The third indicator is important theoretical variables that are not significant. There are two main reasons why an important theoretical variable might not be significant: Either the theory is wrong or there is multicollinearity.8 If you are confident that the theory is correct, then the cause is most likely that another variable is robbing the theoretically important variable of its explanatory ability—in other words, multicollinearity.

The fourth indicator is coefficients that do not make sense theoretically. In the sales forecast example, the theory says that increasing advertising spending should increase sales, so we would expect a positive slope coefficient for advertising spending. If that does not happen, then either the theory is wrong or, once again, multicollinearity is causing another variable to rob the theoretically important variable of its explanatory ability and therefore, in the process, altering its coefficient.

Note that it is rarely possible to evaluate coefficients theoretically beyond their signs. This is because the magnitudes of the coefficients are determined by the units of the independent variable, the units of the dependent variable, and if multicollinearity is present, the units of the collinear variables. Change any of these units and the coefficient changes. That is, measure sales in thousands of dollars rather than dollars or advertising spending in minutes of television time instead of dollars and the advertising spending coefficient changes. However, regardless of the units, the sign of the slope coefficient should behave according to theory.

The fifth indicator is when you notice that dropping a variable causes dramatic shifts in the remaining coefficients. If there is no multicollinearity, then the explanatory power of a variable does not change as other variables come and go. We saw this in the previous example artificially created without multicollinearity. Therefore, when coefficients shift as other variables come and go, it is an indicator of multicollinearity. Thus we see that the greater the shift, the larger the multicollinearity. As discussed previously, the biggest concern is when the coefficients change signs or when values change by an order of magnitude.

The sixth indicator is when you notice that dropping a nonoutlier observation causes dramatic shifts in the coefficients. Although rarely used in practice, dropping a single observation that is not an outlier should not cause much of a shift in the coefficients. When it does, that is a sign of multicollinearity. Of course, this is also a sign that the observation is possibly an outlier so you must be careful in its use. One of the reasons this is not used much in practice is that it is the least likely of all the approaches to generate an observable effect, plus researchers rarely wish to drop useful data.

Treating Multicollinearity

When multicollinearity is present, any or all of the following can be used to treat it.

Fix the sampling plan. It goes without saying that when the multicollinearity was introduced by a poor approach to gathering the data, new data should be collected using a better sampling plan. It is much better to work with good data than it is to try to fix bad data.

Transform the collinear variables. Multicollinearity is a linear correlation between two (or more) variables. Transforming one or more of these variables in a nonlinear fashion can reduce or eliminate the multicollinearity. Nonlinear transformations include taking the log, squaring, and taking the square root. Multiplying by a number or adding a number are both linear transformations and will not change multicollinearity.
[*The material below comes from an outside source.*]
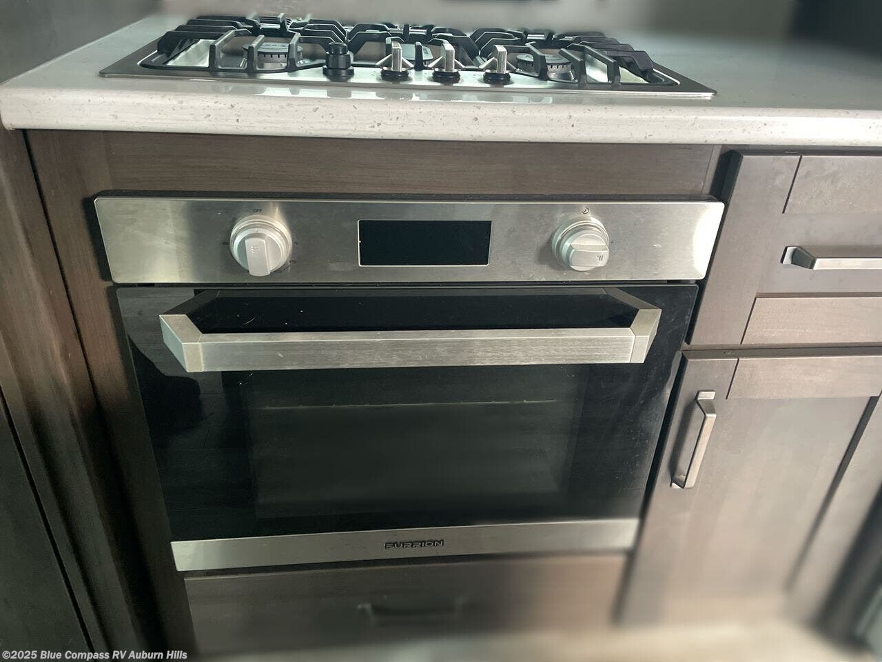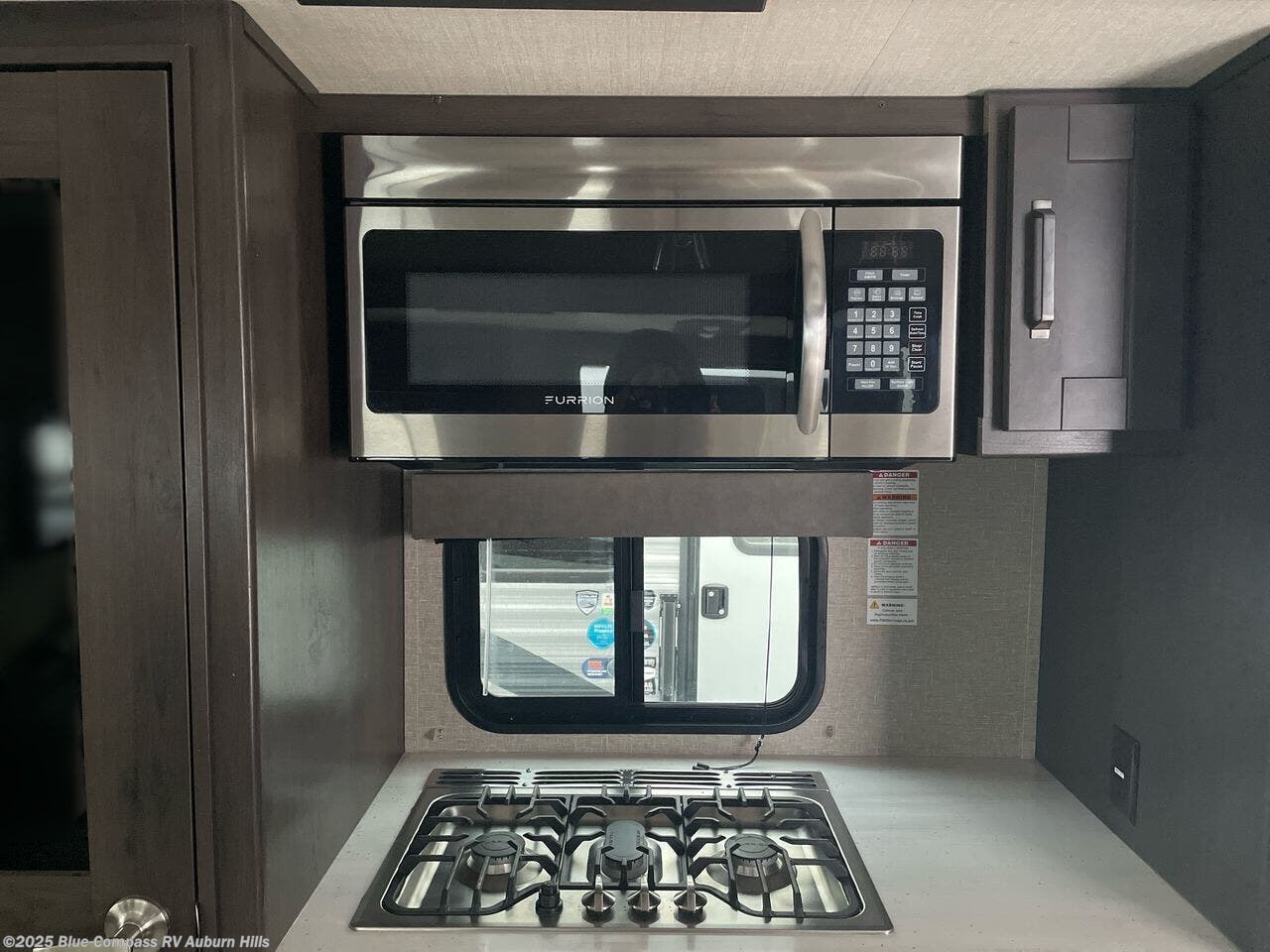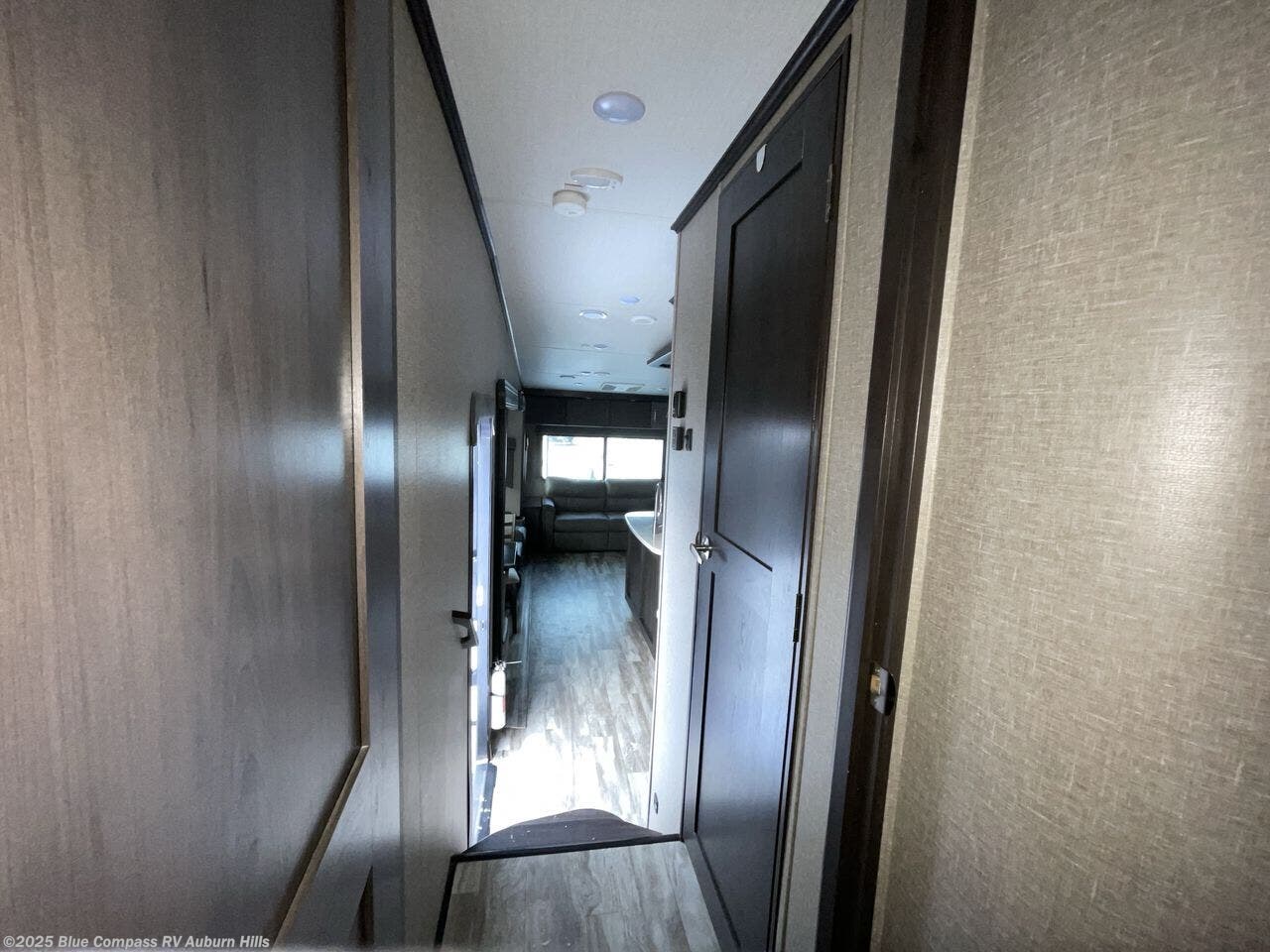 Whether you travel for pleasure or work, you will love the spacious main living and kitchen area with a rear tri-fold sofa that doubles as extra sleeping space, and the theatre seating directly across from the entertainment center with a 40" LED HDTV and a fireplace below. The kitchen island will make meal prepping and drying the dishes easier and the hutch is the perfect place to place your picture frames, nice dishes, and extra cooking items, plus the pantry is big enough to store all of your favorite snacks, dry ingredients and such. Outside you can enjoy two electric awnings that provide protection from the elements as you relax and visit with other RVers, and your camping chairs can easily be stored in the pass-through compartment. The double entry bathroom is convenient especially at night when you can slide the door to enter from the front master bedroom. You will find plenty of storage for your clothing and things, plus the bedroom slide out gives you drawers and linen storage that stretches into the full bathroom.

The trouble with transforming the data is that it changes the data. Changing the data makes it tougher to theoretically interpret the data. For example, we know that a positive slope coefficient for advertising indicates that spending more money on advertising increases sales. If sales and advertising are both measured in thousands of dollars, then a coefficient of 0.50 would indicate that for every additional thousand dollars spent on advertising, sales go up by $500. But what would the coefficient mean if we were using the log or square root of advertising dollars? For this reason, variable transformations are usually only used in models intended for prediction where there is little or no interest in understanding the underlying processes.

Transform the data set. An advanced statistical process called factor analysis can be used to transform a collinear data set, or any subset of that data set, into new, uncorrelated variables that explain the same variation as the original data set. However, these new and uncorrelated variables are even more manipulated than the simple variable transformations discussed previously, making them that much harder to theoretically interpret. Students interested in this topic should consult an advanced statistical textbook such as Philip Bobko’s Correlation and Regression: Principles and Applications for Industrial/Organizational Psychology and Management (1995, McGraw-Hill). Factor analysis was the technique used to create the completely uncorrelated variables used in an earlier example in this chapter.

Use an advanced multiple regression approach. A type of multiple regression called ridge regression is more adept at working with collinear data. Excel is not able to perform ridge regression.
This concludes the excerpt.